In our first edition of Wormhole, Arielle dives into a question that kept coming up in our previous story.

Welcome to the first edition of Wormhole, a new subscribers-only series where I tell you about the wormholes I fell into while reporting previous stories.
Today, we’ll be looking at the wormhole of conflicting research I reported on for last week’s story on the natural gas industry’s climate ads, as I tried to figure out the real role of fossil fuels in the transition to a net zero future.
Going into the story, I assumed scientific research would uniformly show that there couldn’t be any role for them at all. After all, it’s right there in the name: net zero emissions.
Some research did support my assumptions. But the deeper I dug, the more I found research that seemed to argue there could be room for fossil fuels in a net zero transition, if and only if they’re partnered with emissions-capturing technology like carbon capture and storage.
Our story didn’t have room to include all the nuances of that debate. In the end, Emily ended up cutting out over 1,000 words from the final version. (Editors, please send Emily your thoughts, prayers, and supportive emails.)
But we decided that readers—especially those who are new to climate change—may be interested in learning how I grappled with this scientific research as a fairly new climate reporter.
The scientific arguments for natural gas
In last week’s story, I wrote that there’s “an honest debate over how to effectively transition global energy usage to renewables, including the use of natural gas in combination with carbon capture and storage.” After we published, in the comments, one reader expressed surprise and disappointment that I had written that sentence.
I was surprised myself.

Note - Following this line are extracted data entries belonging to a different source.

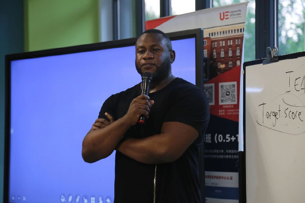 Lloyd老师向同学们详细阐释了IELTS的深刻内涵后,亲切地询问每位同学所期望达到的雅思分数,并深入了解他们的专业,引导同学们用流利的英语阐述自己的专业领域。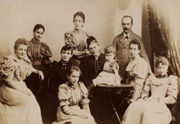 - Familien Malling-Hansen fotografert ca 1895. RMHs enke Anna Steenstrup sammen med alle døtrene, svigersønnen Fritz August Bech, og barnebarnet Zarah Bech. Fra venstre: Juliane, Johanne, Zarah, Marie(foran), Engelke, Anna, Zarah, Fritz, Karen og Emma. Foto: Det Kongelige Bibliotek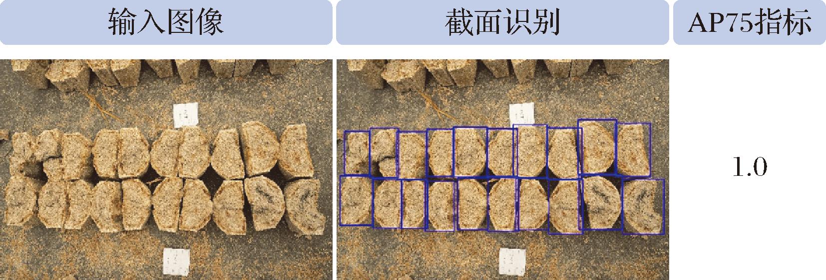 截面识别模块旨在对包包曲照片中的包包曲截面进行目标检测识别。如第1节所述,包包曲照片和截面标注用于构建包包曲截面识别模块,具体地,根据包包曲截面的多边形轮廓标注生成外接矩形,以作为截面识别的目标框。在本研究中,每张包包曲照片均包含有20个包包曲截面,分属于10块包包曲,其在照片平面布置中是较为规整的。鉴于本研究仅识别包包曲截面这一类目标,因此,在神经网络训练过程中,仅考虑包包曲截面和背景信息2种类别。在本研究中,采用当交并比(intersection over union,IoU)阈值取为0.75时的平均精度(average precision,AP)来评估模型效果,记为AP75。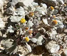 Psathyrotes annua is a species of flowering plant in the aster family known by the common names annual psathyrotes, turtleback, or mealy rosettes.[1][2] It is native to the southwestern United States and as far north as Idaho. It grows in desert and scrub habitat, often in areas with alkali soils among plants such as shadscale. It is a low, flat or mounding plant with spreading, hairy, scaly stems. It is pale green to reddish purple in color with gray-green leaves, its color dull from the coating of fibers on its surface. The irregularly rounded leaf blades are up to 1.6 centimeters long with wavy or toothed edges. The knobby inflorescence arises from the leaf axils. It is lined with hairy gray-green phyllaries with dull points that curve outward. It contains several hairy yellow to reddish disc florets. The fruit is an achene covered densely in long hairs and tipped with a large pappus of bristles.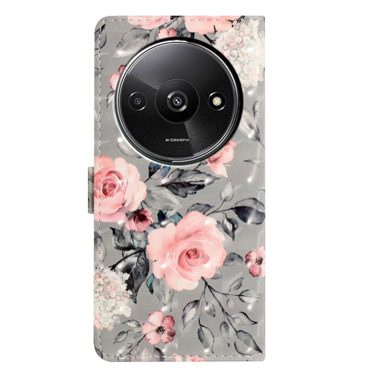 Funda de Cuero con Patrón 3D para Redmi A3 (Flor de Base Gris)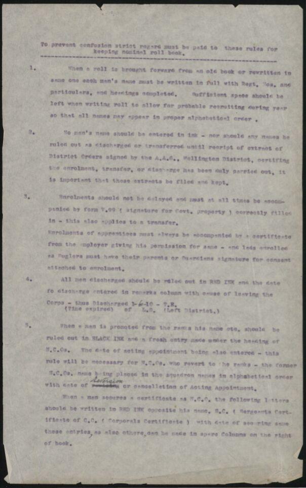 - A document outlining the rules for the keeping of the norminal roll book for the Wellington Mounted Rifles.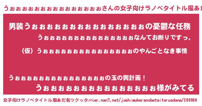 | 男性向けラノベタイトル風あだ名 | 『うぉぉぉぉぉぉぉぉぉぉぉぉぉぉぉの憂鬱』 |

My first draft, sans deep research dive, laid out my assumptions that gas had no place in the transition to net zero, and that the world needed to run on 100 percent renewable energy.
But several scientists, the IPCC’s latest report, researchers, and papers in peer-reviewed journals like Nature say that’s not necessarily the case. Since I try to be fair and balanced when reporting on scientific research, I really tried to understand those arguments.
They seem to fall into a few categories:
Intermittency. Renewable energy sources like solar and wind power are intermittent and need to be backed by another fuel that will kick in once the sun isn’t shining and the wind isn’t blowing. (Energy Policy)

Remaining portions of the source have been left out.